The Common Workflow Language (CWL) is a specification for defining workflows in a declarative manner. It has been implemented to varying degrees by different software packages. Nextflow and CWL share a common goal of enabling portable reproducible workflows.
We are currently investigating the automatic conversion of CWL workflows into Nextflow scripts to increase the portability of workflows. This work is being developed as the cwl2nxf project, currently in early prototype stage.
Our first phase of the project was to determine mappings of CWL to Nextflow and familiarize ourselves with how the current implementation of the converter supports a number of CWL specific features.
Inputs in the CWL workflow file are initially parsed as channels or other Nextflow input types.
Each step specified in the workflow is then parsed independently. At the time of writing
subworkflows are not supported, each step must be a CWL CommandLineTool
file.
The image below shows an example of the major components in the CWL files and then post-conversion (click to zoom).
CWL and Nextflow share a similar structure of defining inputs and outputs as shown above.
A notable difference between the two is how tasks are defined. CWL requires either a separate file for each task or a sub-workflow. CWL also requires the explicit mapping of each command line option for an executed tool. This is done using YAML meta-annotation to indicate the position, prefix, etc. for each command line option.
In Nextflow a task command is defined as a separated component in the process
definition and
it is ultimately a multiline string which is interpreted by a command script by the underlying
system.

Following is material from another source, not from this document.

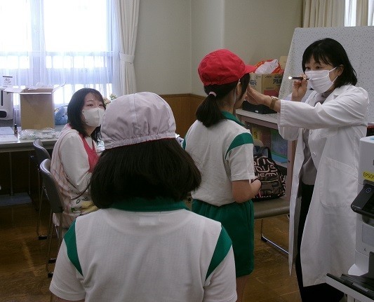 低学年の中には稀にライトをまぶしがる子どももいましたが、「目を少しパチパチしてみて」などと声掛けをして、開いた瞬間に診てくださったりしながら、子どもたち全員が無事に健診を終えることができました。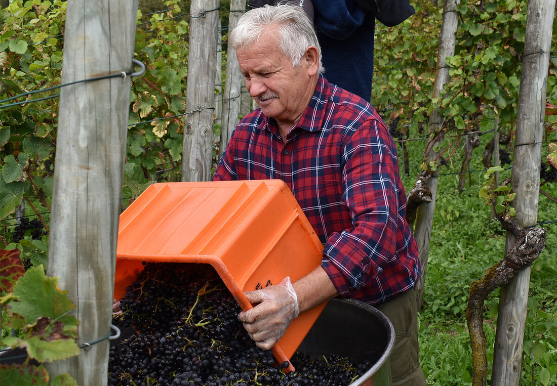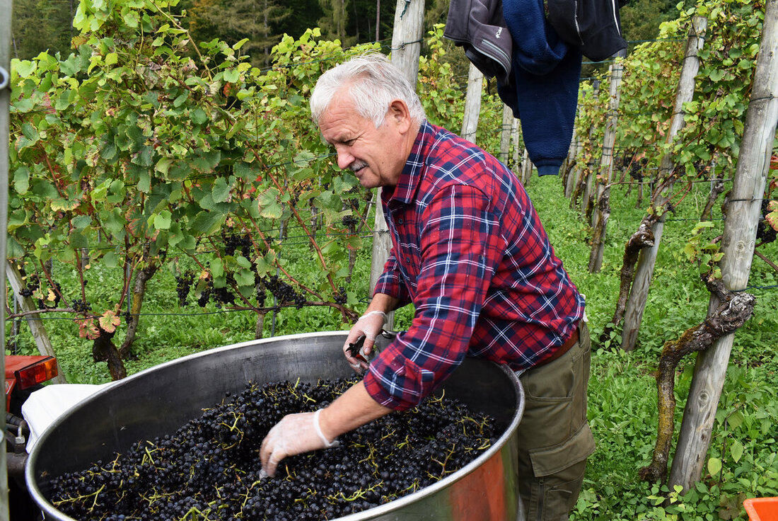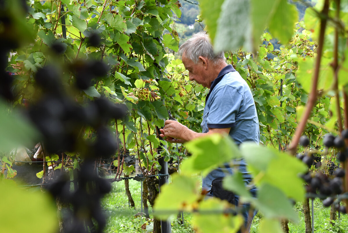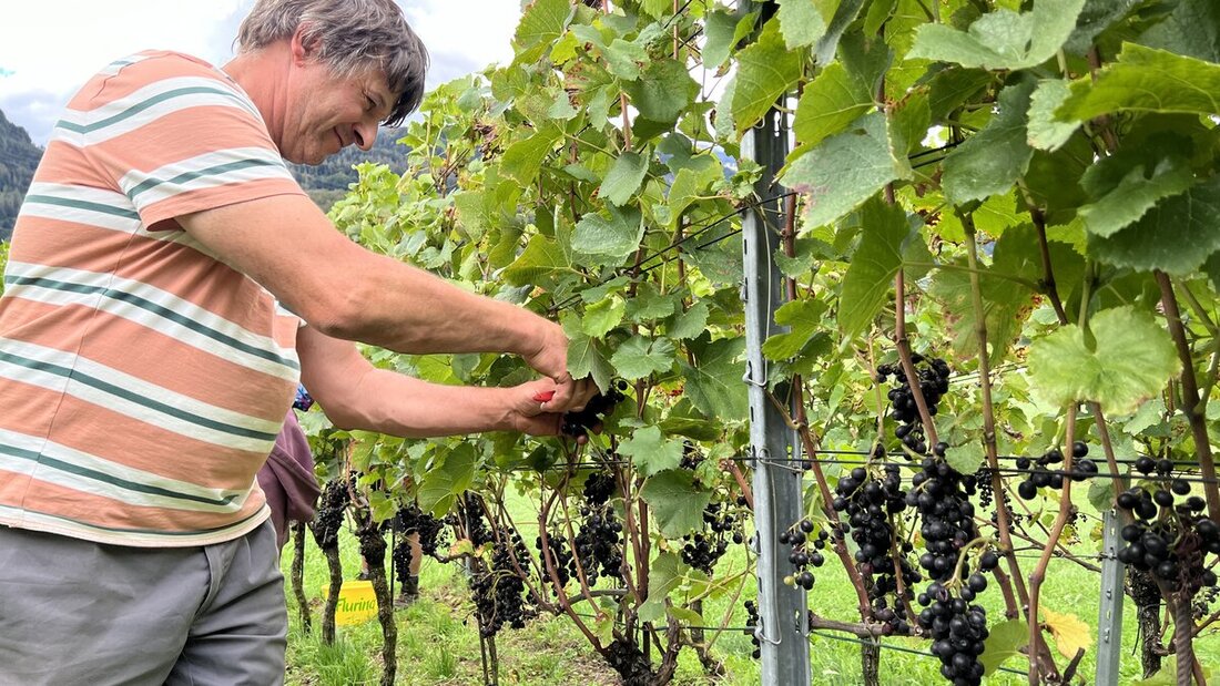 An einem Föhntag wie diesen Donnerstag gehen die Blicke schon mal bange nach oben – bleibt es noch einen Moment trocken? Die fleissigen Helferinnen und Helfer in den Rebbergen von Heiligkreuz liessen sich davon nicht beirren und waren konzentriert am Werk. Noch nie waren so früh so viele Trauben abgenommen. Mit der Qualität gaben sich die Verantwortlichen zufrieden, obwohl der Mehltau da und dort für Mehrarbeit sorgte.

Input parameters can be used in the command string with a simple variable interpolation
mechanism. This is beneficial as it simplifies porting existing BASH scripts to Nextflow
with minimal refactoring.
These examples highlight some of the differences between the two approaches, and the difficulties converting complex use cases such as scatter, CWL expressions, and conditional command line inclusion.
The cwl2nxf is a Groovy based tool with a limited conversion ability. It parses the YAML documents and maps the various CWL objects to Nextflow. Conversion examples are provided as part of the repository along with documentation for each example specifying the mapping.
This project was initially focused on developing an understanding of how to translate CWL to Nextflow. A number of CWL specific features such as scatter, secondary files and simple JavaScript expressions were analyzed and implemented.
The GitHub repository includes instructions on how to build cwl2nxf and an example usage. The tool can be executed as either just a parser printing the converted CWL to stdout, or by specifying an output file which will generate the Nextflow script file and if necessary a config file.
The tool takes in a CWL workflow file and the YAML inputs file. It does not currently work
with a standalone CommandLineTool
. The following example show how to run it:
java -jar build/libs/cwl2nxf-*.jar rnatoy.cwl samp.yaml
We are continuing to investigate ways to improve the interoperability of Nextflow with CWL. Although still an early prototype, the cwl2nxf tool provides some level of conversion of CWL to Nextflow.
We are also planning to explore CWL Avro, which may provide a more efficient way to parse and handle CWL objects for conversion to Nextflow.
Additionally, a number of workflows in the GitHub repository have been implemented in both CWL and Nextflow which can be used as a comparison of the two languages.
The Nextflow team will be presenting a short talk and participating in the Codefest at BOSC 2017. We are interested in hearing from the community regarding CWL to Nextflow conversion, and would like to encourage anyone interested to contribute to the cwl2nxf project.